*Exercise requirements*
Only the text belongs in the copy: repeat each record exactly, without pictures.

*Provided entries*

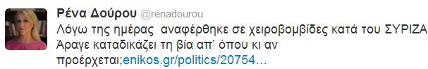 Τα όσα ανέφερε ο Πρωθυπουργός Αντώνης Σαμαράς στους βουλευτές της Νέας Δημοκρατίας αναφορικά με τον ΣΥΡΙΖΑ, σχολιάζει, μέσω twitter η Ρένα Δούρου.
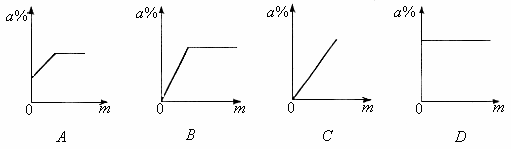 25. 某温度下,向一定量的水中不断加入食盐晶体,同时不断搅拌。下列表示加入食盐的质量m与所得溶液中食盐的质量分数a%的图象中,正确的是( )
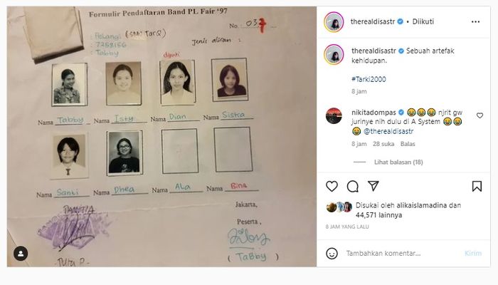 "Sebuah artefak kehidupan #Tarki2000," tulisnya.
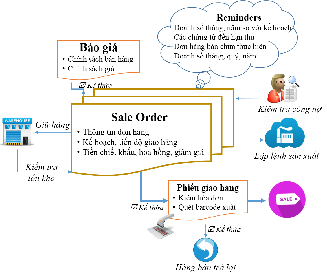 - Thiết lập chính sách giá bán bán hàng cho từng khách hàng, theo khu vực, sales, mùa vụ, nhóm hàng hóa…
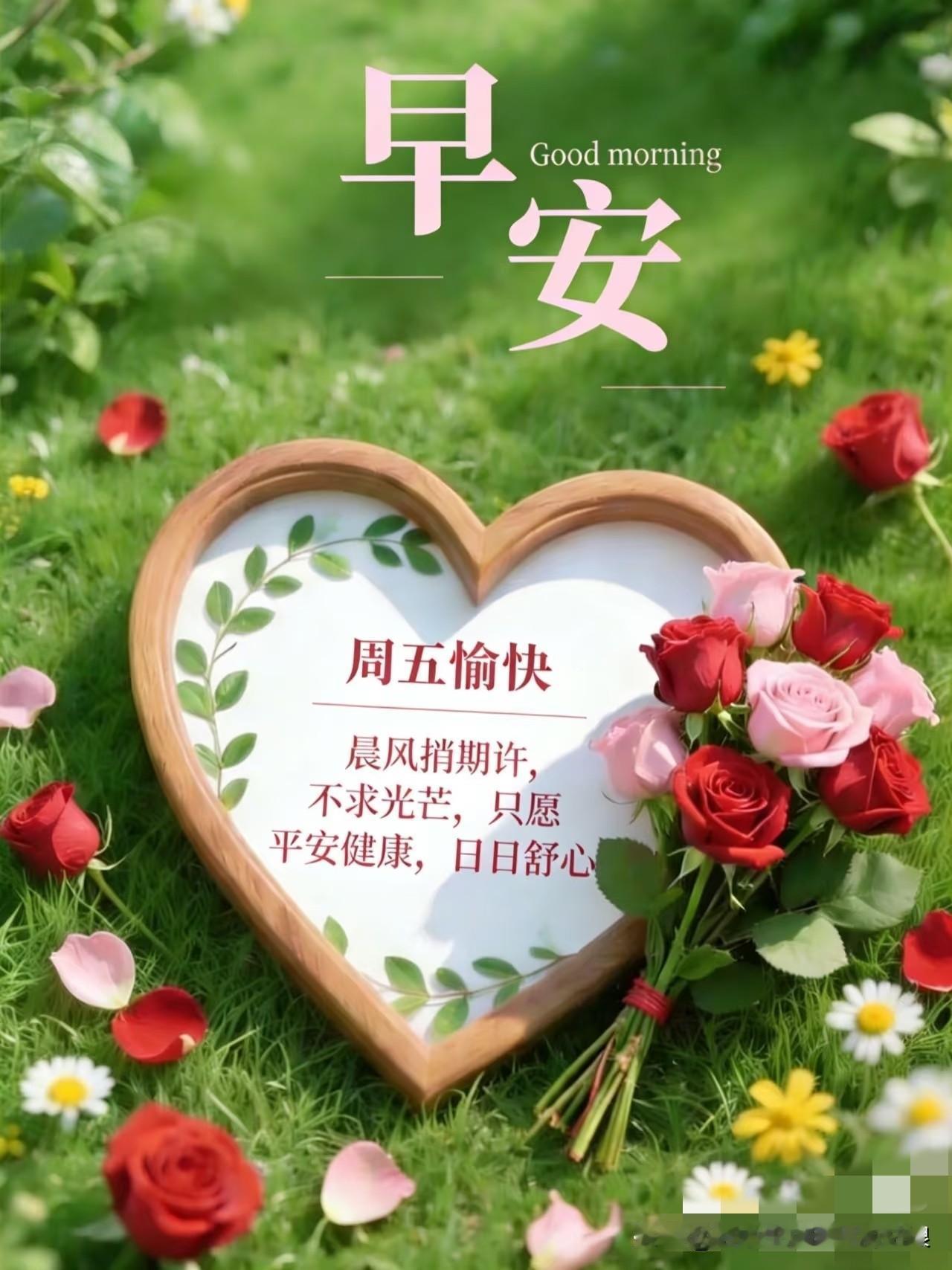 周五早安~清晨的微风捎来周末的讯号,吹散一周的疲惫与忙碌。愿你带着轻松的心情,奔赴今日的美好,事事顺意,步步欢喜。所有努力都有收获,所有期待都能成真,迎着阳光,温暖前行,周五快乐呀✨周五 早安

*Reply*
 Τα όσα ανέφερε ο Πρωθυπουργός Αντώνης Σαμαράς στους βουλευτές της Νέας Δημοκρατίας αναφορικά με τον ΣΥΡΙΖΑ, σχολιάζει, μέσω twitter η Ρένα Δούρου.
 25. 某温度下,向一定量的水中不断加入食盐晶体,同时不断搅拌。下列表示加入食盐的质量m与所得溶液中食盐的质量分数a%的图象中,正确的是( )
 "Sebuah artefak kehidupan #Tarki2000," tulisnya.
 - Thiết lập chính sách giá bán bán hàng cho từng khách hàng, theo khu vực, sales, mùa vụ, nhóm hàng hóa…
 周五早安~清晨的微风捎来周末的讯号,吹散一周的疲惫与忙碌。愿你带着轻松的心情,奔赴今日的美好,事事顺意,步步欢喜。所有努力都有收获,所有期待都能成真,迎着阳光,温暖前行,周五快乐呀✨周五 早安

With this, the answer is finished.